Hardware for local inference?

droopy4096@lemmy.ca · 2 days ago

Hardware for local inference?

sobchak@programming.dev · 2 days ago

The trend I see are the Mac Minis with a lot of unified memory. These are typically very well off people though. Prices for even old GPUs like 3090s are ridiculous now. I don’t think connecting 2 machines over Ethernet would work well, but putting 2 GPUs in a single machine does.

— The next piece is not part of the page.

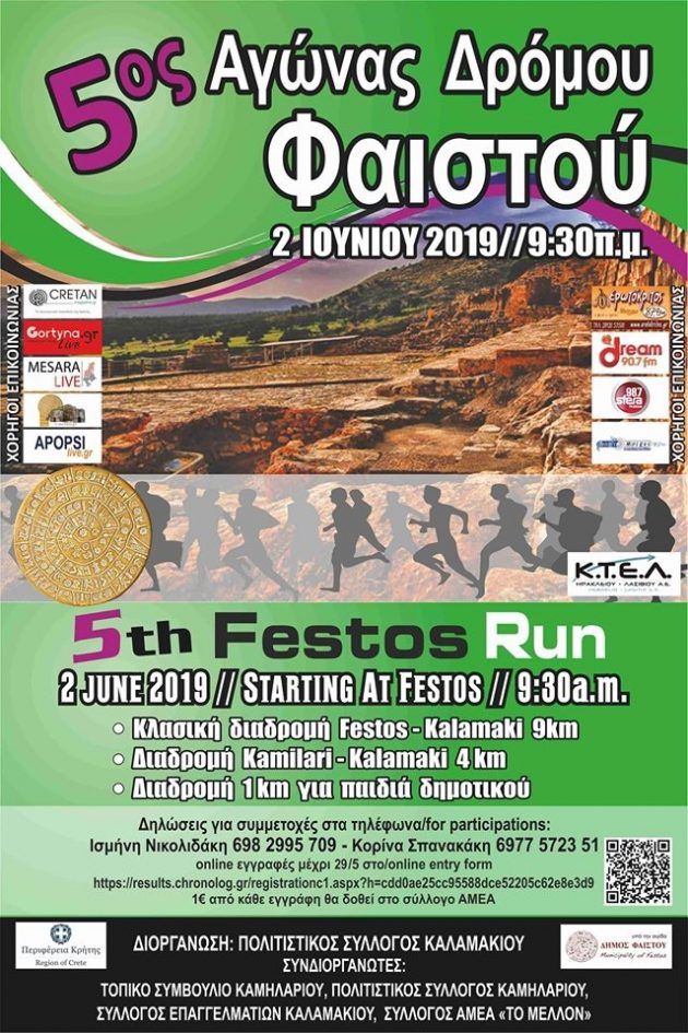 Στις 2 Ιουνίου 2019, σε μια κλασική διαδρομή 9 χλμ., μια διαδρομή από το Καμηλάρι μέχρι το Καλαμάκι 4 χλμ., μια διαδρομή 1 χλμ. Για τα παιδιά, με εκκίνηση τον Αρχαιολογικό χώρο της Φαιστού, θα πραγματοποιηθεί ο 5ος αγώνας δρόμου Φαιστού.

ffhein@lemmy.world · 1 hour ago

I bought a used 3090 two years ago, and back then they were usually listed for €800-1000 in my country. I thought I was lucky to find one for €700 after searching for a few months, and I don’t think they’ve ever been cheaper than this here. There are definitely fewer of them available now, but you can still buy one for €950 (and possibly even lower if you’re patient). So prices have gone up, but IMO not by ridiculous amounts like RAM.

Mika@piefed.ca · 23 hours ago

I’ve just checked the Mac Studio on the site and lmao, they first ran out of 512gb uram and then of 256gb uram, now selling only 96gb version.

B0rax@feddit.org · 3 hours ago

Which is quite impressive to be honest, these machines were fucking expensive, and yet sold out completely

Mika@piefed.ca · 1 hour ago

512 gb would future proof you to run any local LLMs for quite a while. The speed at which they did it wasn’t exactly bad too afaik due to uram being so fast. Dunno what other setup would compete here for the price.